Governor of Zaire Province
- In office 1995–2004
- Preceded by: Zeferino Estêvão Juliana
- Succeeded by: Pedro Sebastião

Governor of Malanje Province
- In office 1980–1986
- Preceded by: Domingos Afonso Neto
- Succeeded by: Lt. Col. João Ernesto dos Santos Liberdade

Personal details
- Born: João Rodrigues Lopes 27 September 1932 N'zeto, Portuguese Angola (now Angola)
- Died: 6 January 2021 (aged 88) Setúbal, Portugal
- Party: MPLA

= Ludy Kissassunda =

Angolan politician (1932–2021)

General João Rodrigues Lopes, known by his nom de guerre Ludy Kissassunda (27 September 1932 – 6 January 2021) was an Angolan general and politician. Born in 1932 in N'zeto, Zaire Province, he held important ranks during the Angolan War of Independence and the Angolan Civil War, holding a particularly important role with the reorganization of troops of, as well as the overall logistics of, the People's Liberation Army of Angola, which would later become the People's Armed Forces of Liberation of Angola (FAPLA).

During his political career, he was a member of the Politburo of the Central Committee of the People's Movement for the Liberation of Angola (MPLA), being one of Agostinho Neto's closest associates.

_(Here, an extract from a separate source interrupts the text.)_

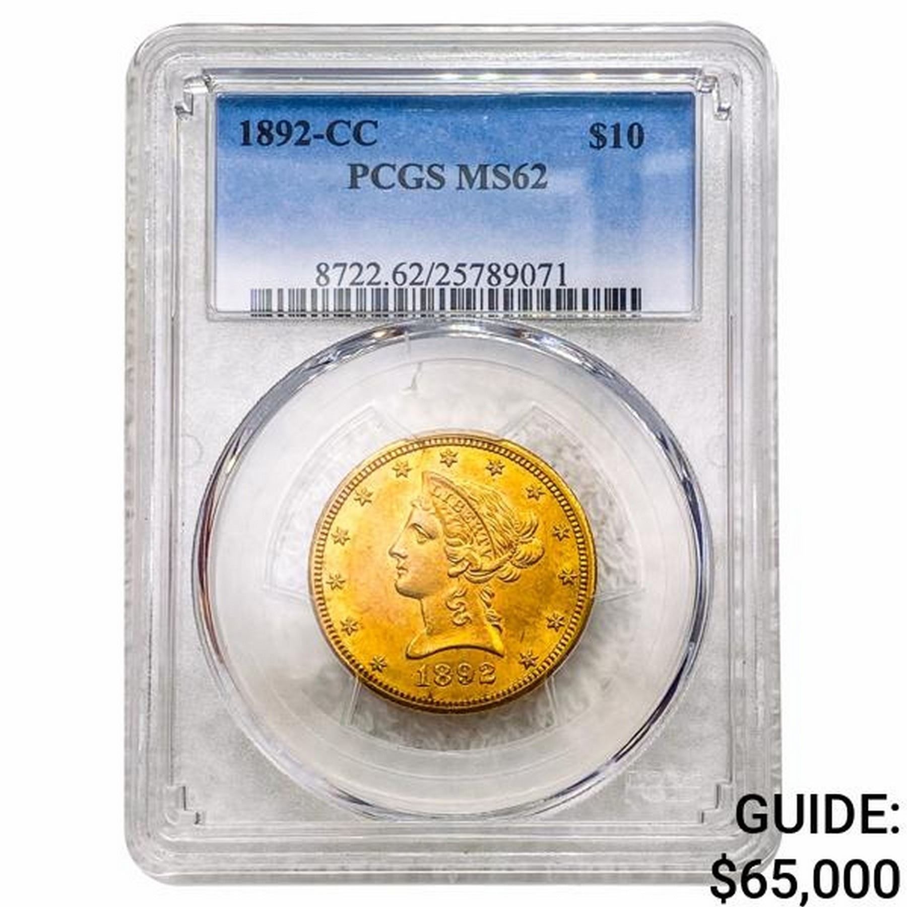 1892-CC $10 LH Eagle - Gold - PCGS MS62

He was the founder and director of the Department of Information and Security of Angola (DISA), the MPLA's (and later Angola's) intelligence agency, from 1975 to 1979. He was also the governor of Malanje Province from 1980 to 1986, and of Zaire Province from 1995 to 2004.

Kissassunda died on 6 January 2021 in Setúbal, Portugal. He was buried at Alto das Cruzes cemetery in Luanda.